We’ll ideally want to recover the feedback polynomial for the first LFSR, and we can attempt to do this by bruteforcing the seed for the second LFSR, which is only a 12 bit bruteforce. For each seed, we’ll calculate the output stream of the 1st generator, and then apply the Berklamp-Massey algorithm again to recover a possible feedback polynomial. Then, using this feedback polynomial, we can advance the keystream and decrypt the full file, and check if it contains the flag.

from tqdm import tqdm

pt = bytes_to_long(b"Date: 1984-12-25")
out = pt ^^ ct
ctlen = len(fullct)
F = GF(2)

def xor(a, b):
return bytes([_a ^^ _b for _a, _b in zip(a,b)])

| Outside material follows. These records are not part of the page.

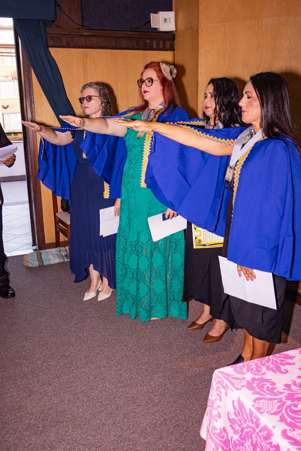 Juramento de posse das novas acadêmicas da Federação Brasileira dos Acadêmicos das Ciências, Letras e Artes – FEBACLA. Com o braço direito estendido, as empossadas reafirmaram seu compromisso com a ética, o conhecimento e a promoção das Ciências, Letras e Artes.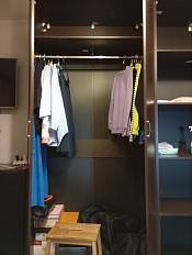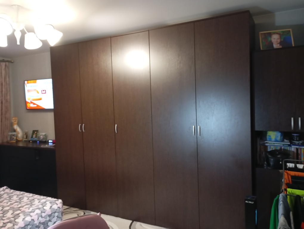 Заказали шкаф на свой страх и риск. Из ЛДСП по своим замерам. Ручки заказывали на меркетплэйсе. В целом довольны, учитывая, что выбрали лдсп. И это при наших размерах более менее адекватная цена. Из минусов: схема сборки не совсем понятная. Деталей много и было сложно понять что куда и к чему крепится и потратили много времени из-за этого. Можно было бы более понятную схему сборки сделать.Из фурнитуры пару единиц отсутствует. Некритично, но хотелось бы чтобы комплектация была полная.Сами двери слегка кривые и это заметно когда вешаешь их на навесы и сложно отрегулировать, так как видны зазоры и неровности из-за кривизны.Так в целом шкаф хороший , советую 👍
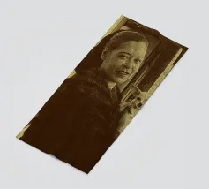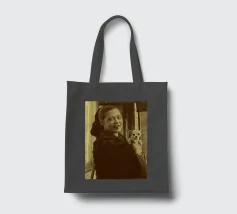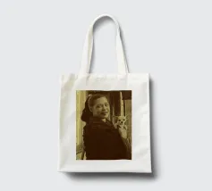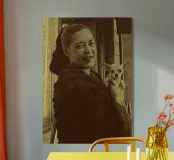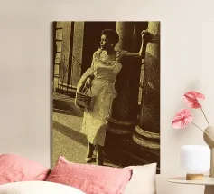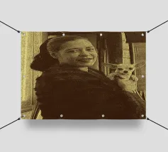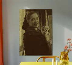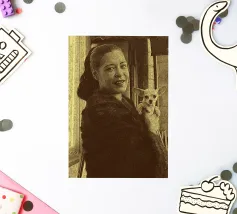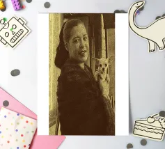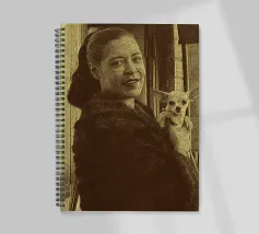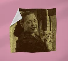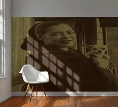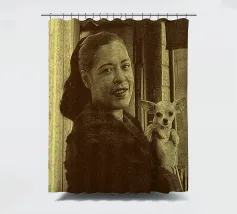 Candida e gioiosa, Billie Holiday tiene in braccio un cagnolino, rivelando la sua calda umanità fuori dal palco. Billie Holiday, sorridente, animale domestico, foto d'epoca, momento fuori dal palcoscenico, cantante jazz, fiore tra i capelli, acquerello candido, gioia retrò, donna piena d'anima, giocosa, icona del jazz, stile classico, grazia femminile, momento vintage, toni morbidi, giornata da signora rilassata, fascino anni '40, calore emotivo, figura storica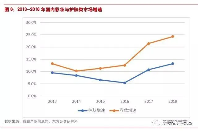 根据欧睿咨询数据显示,2018年国内化妆品市场中护肤品增速为13.2%,彩妆市场增速从2013年的13%进一步提升至2018年的24.3%,增速呈现进一步加快的趋势。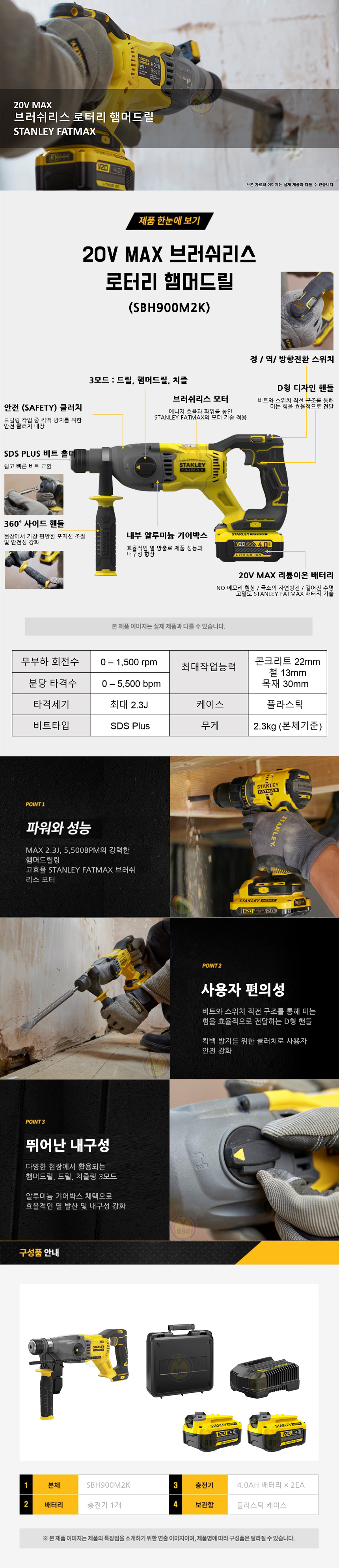 스탠리 20V 충전햄머드릴 SBH900M2K(4Ah,2B) 충전 SDS햄머 SDS드릴 해머드릴 함마드릴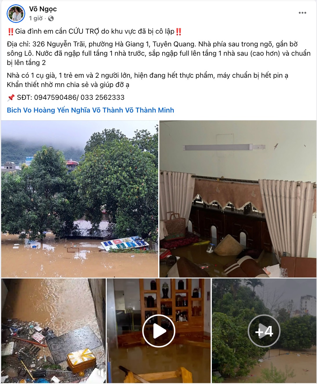 Không chỉ cầu cứu thoát thân, người dân còn tha thiết xin hỗ trợ lương thực, nước uống đưa tận nhà, bởi nhiều khu vực đã mất điện, điện thoại sắp cạn pin, nguy cơ mất liên lạc hoàn toàn.

for seed3 in tqdm(range(2^12)):
l2out = l.getrandbit(128)
l1out = l2out ^^ out
lfsr1out = [F(int(x)) for x in "{:0128b}".format(l1out)]
g = sage.matrix.berlekamp_massey.berlekamp_massey(lfsr1out)
M = companion_matrix(g, 'bottom')
if len(list(M)) != 64:
continue
else:
v = []
v0 = vector(lfsr1out[:64])
for x in range(0, len(fullct) * 8, 64):
v += ((M^x) * v0)
v = v[:len(fullct) * 8]
keystream1 = ZZ(list(v[::-1]), base=2)
keystream2 = l.getrandbit(ctlen * 8)
k1 = long_to_bytes(keystream1, ctlen)
k2 = long_to_bytes(keystream2, ctlen)
plaintext = (xor(xor(k1, k2), fullct))
if b"SUSCTF" in plaintext:
print(plaintext.decode())
break

Date: 1984-12-25
Though the hunger pangs were no longer so exquisite, he realized that he was weak.  He was compelled to pause for frequent rests, when he attacked the muskeg berries and rush-grass patches.  His tongue felt dry and large, as though covered with a fine hairy growth, and it tasted bitter in his mouth.  His heart gave him a great deal of trouble.  When he had travelled a few minutes it would begin a remorseless thump, thump, thump, and then leap up and away in a painful flutter of beats that choked him and made him go faint and dizzy.
In the middle of the day he found two minnows in a large pool.  It was impossible to bale it, but he was calmer now and managed to catch them in his tin bucket.  They were no longer than his little finger, but he was not particularly hungry.  The dull ache in his stomach had been growing duller and fainter.  It seemed almost that his stomach was dozing.  He ate the fish raw, masticating with painstaking care, for the eating was an act of pure reason.  While he had no desire to eat, he knew that he must eat to live.
In the evening he caught three more minnows, eating two and saving the third for breakfast.  The sun had dried stray shreds of moss, and he was able to warm himself with hot water.  He had not covered more than ten miles that day; and the next day, travelling whenever his heart permitted him, he covered no more than five miles.  But his stomach did not give him the slightest uneasiness.  It had gone to sleep.  He was in a strange country, too, and the caribou were growing more plentiful, also the wolves.  Often their yelps drifted across the desolation, and once he saw three of them slinking away before his path.
The content is an excerpt from Love of Life, by Jack London. The problem is mainly about LFSR and I've tried not to make it hard (with the cost of some running time, actually). Your flag is SUSCTF{Thx_f0r_y0uR_P4ti3nce_:)_GoodLuck!_1bc9b80142c24fef610b8d770b500009} and I hope you will enjoy our game. You'll find this problem so ez while solving other problems, which is created by --.